Asentí con la cabeza y me dije: ¡para la cómoda del dormitorio!, ¡ahí quedaría bien!
Con pilas nuevas las agujas cobraron vida nuevamente, todas las noches las miraba al regresar a casa y ahí estaban, incansables, marcando el paso del tiempo.                             
Sin embargo quedaron en mi mente las palabras: “Estaba detenido, era muy importante para mi”. ¿Cuál era el significado de ellas?, ¿qué había querido decir en su locura?
Con el paso de los días terminé por olvidar el asunto hasta aquel sábado en que encontraron a Amalia en su silla vaivén sumida en un sueño eterno.  La hallaron sentada frente al ventanal que da al jardín, con la vista perdida en el horizonte.  El sol de la mañana bañaba su rostro y dicen que tenía en él, una expresión de felicidad, de ansiada libertad… Le había cobrado mucho afecto a esa mujercita que, a pesar de su locura, lograba sorprenderme con sus comentarios dignos de un cuerdo.  Me sentía triste y feliz a la vez, porque sabía que, al fin, Amalia había encontrado la paz que necesitaba.                                    
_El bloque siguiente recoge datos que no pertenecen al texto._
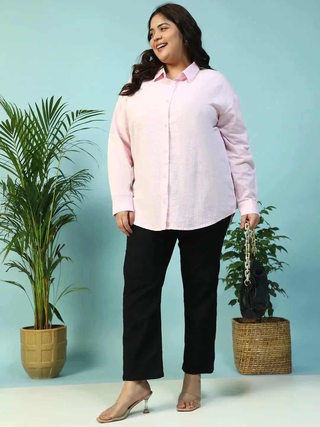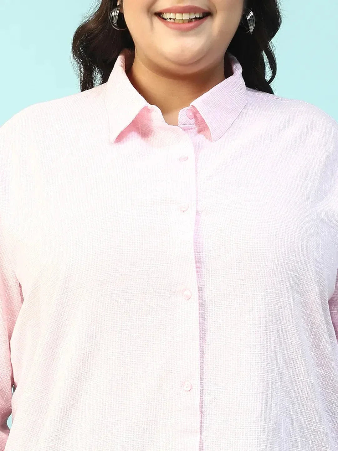 Curated Pink Yarn-Dyed Collared Long Sleeve Button Down Plus Size Women Cotton Shirt is crafted from breathable yarn-dyed cotton, this long sleeve button-down offers a naturally rich weave that adds depth to your everyday style. The classic collar, crisp cuffs, and flattering cut are tailored to complement fuller figures without compromising on comfort. From boardroom days to weekend plans, this sheet works for all days. Style it tucked into linen trousers for a smart, breezy feel or wear it open over a tank for cool, casual layering.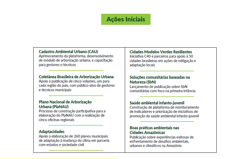 O Programa Cidades Verdes Resilientes foi insituído pelo Decreto n. 12.041 de 05 de junho de 2024: https://www.planalto.gov.br/ccivil_03/_ato2023-2026/2024/decreto/d12041.htm e tem como objetivo "aumentar a qualidade ambiental e a resiliência das cidades brasileiras diante dos impactos da mudança do clima, por meio da integração de políticas urbanas, ambientais e climáticas, estimulando as práticas sustentáveis e a valorização dos serviços ecossistêmicos do verde urbano".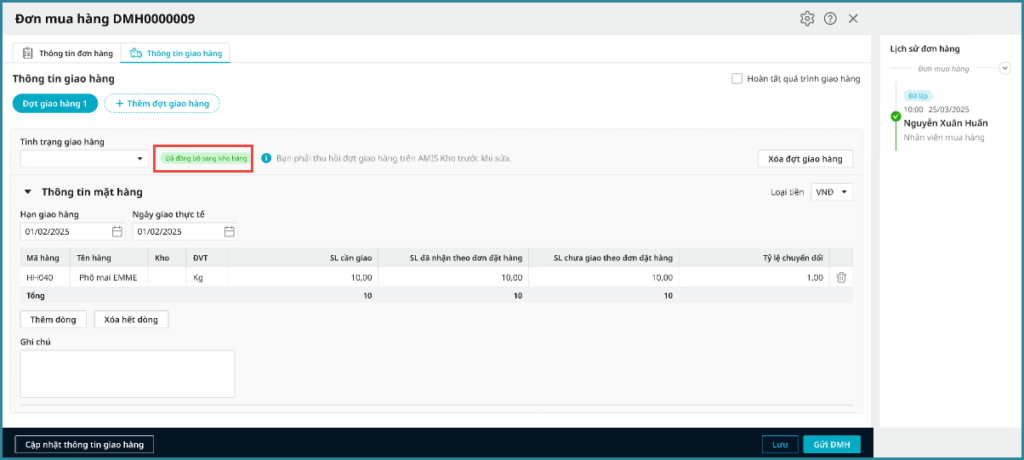 Sau khi thiết lập trên AMIS Workflow, phần mềm sẽ tự động đồng bộ thông tin Đợt giao hàng như đã thiết lập.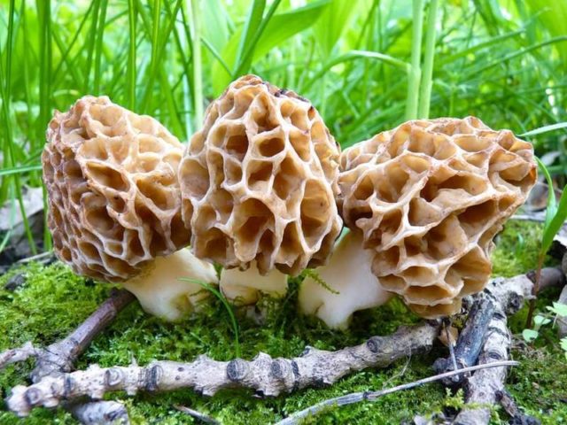 - Morel comestible - Especies condicionalmente comestibles. Lo puedes reconocer por su ligero sombrero café y su pierna blanca como la nieve. Aparece en bosques mixtos a principios de primavera. Pulpa de sabor agradable y aroma débil a hongos. Después de la ebullición preliminar, la cosecha de hongos se fríe, se cuece y se cosecha para el invierno.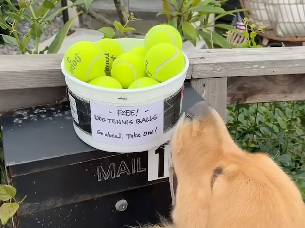 「無料! 犬用テニスボールどうぞ。1つ持っていってね!」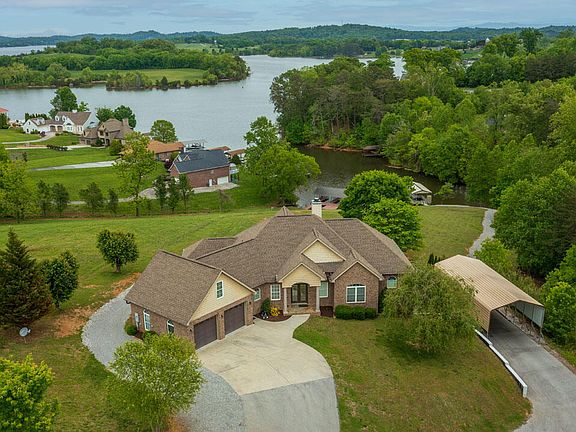 LAKE LIVING AT ITS FINEST & JUST IN TIME FOR SUMMER! This beautifully maintained lake home has it all - 28 ft boat dock with 12,000 lb lift, 12 x 12 screened porch, huge Trex deck with year-round lake view, 2 car attached garage on main level, 28 X 30 detached garage that is insulated and has 100 amp electrical service, basement garage, storage shed & RV carport. Inside boasts engineered hardwood flooring, cathedral ceiling great room with fireplace & oversized windows with lakeview, large gourmet kitchen with granite, tile backsplash & stainless appliances (refrigerator conveys), airfryer range & open dining area. Spacious owner's suite has a double trey ceiling, lake view, large tile walk-in shower, separate vanities, bidet, walk-in closet with attic access, & soaker tub. Guest bedroom, laundry with storage & utility sink & mudroom are also on the main level. Downstairs has a MASSIVE rec room with 10 ft ceilings, 2 additional rooms with ample closet space, full bath with walk-in shower, partially finished storage/utility room & a large garage/workshop! Additional features: bonus room above main level garage, well water, gravel path that leads to the dock, surround sound, walk-in pantry & more! This RARE FIND is the ULTIMATE destination for entertaining with NEARLY 4 ACRES!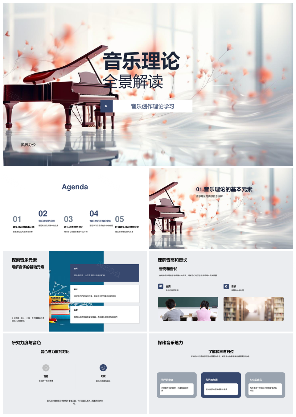 风云办公提供的音乐理论创作与基本元素学习解析PPT模板,下载格式为pptx,一共33页,作品中文字及图均可以修改和编辑,图片更改请在作品中右键图片并更换,文字修改请直接点击文字进行修改。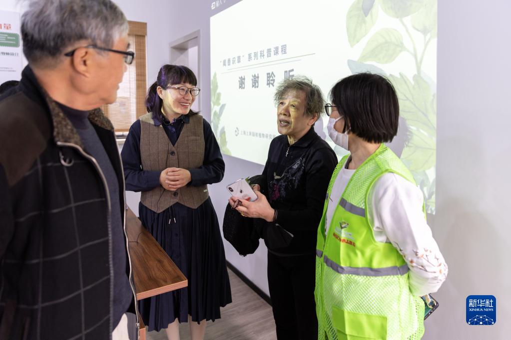4月11日在闸北公园市民园艺中心拍摄的“园艺课堂”。市民在听完公益讲师申瑞雪(左二)的课后,分享平时种植遇到的问题并寻求指导。

Recuerdo que ese día volví temprano a casa, a media tarde, tenía en el cuerpo una sensación molesta, mezcla de cansancio e inquietud, mis pasos me llevaron a mi cuarto y mi corazón se aceleró. ¡El reloj!, ¡no quería mirarlo!¡Tenía miedo de descubrir que estaba detenido!, ya no se escuchaba el tic tac incesante y en ese momento comprendí el significado de aquellas palabras: el tiempo, era la vida… y tal como lo presentí, las agujas marcaban las nueve en punto.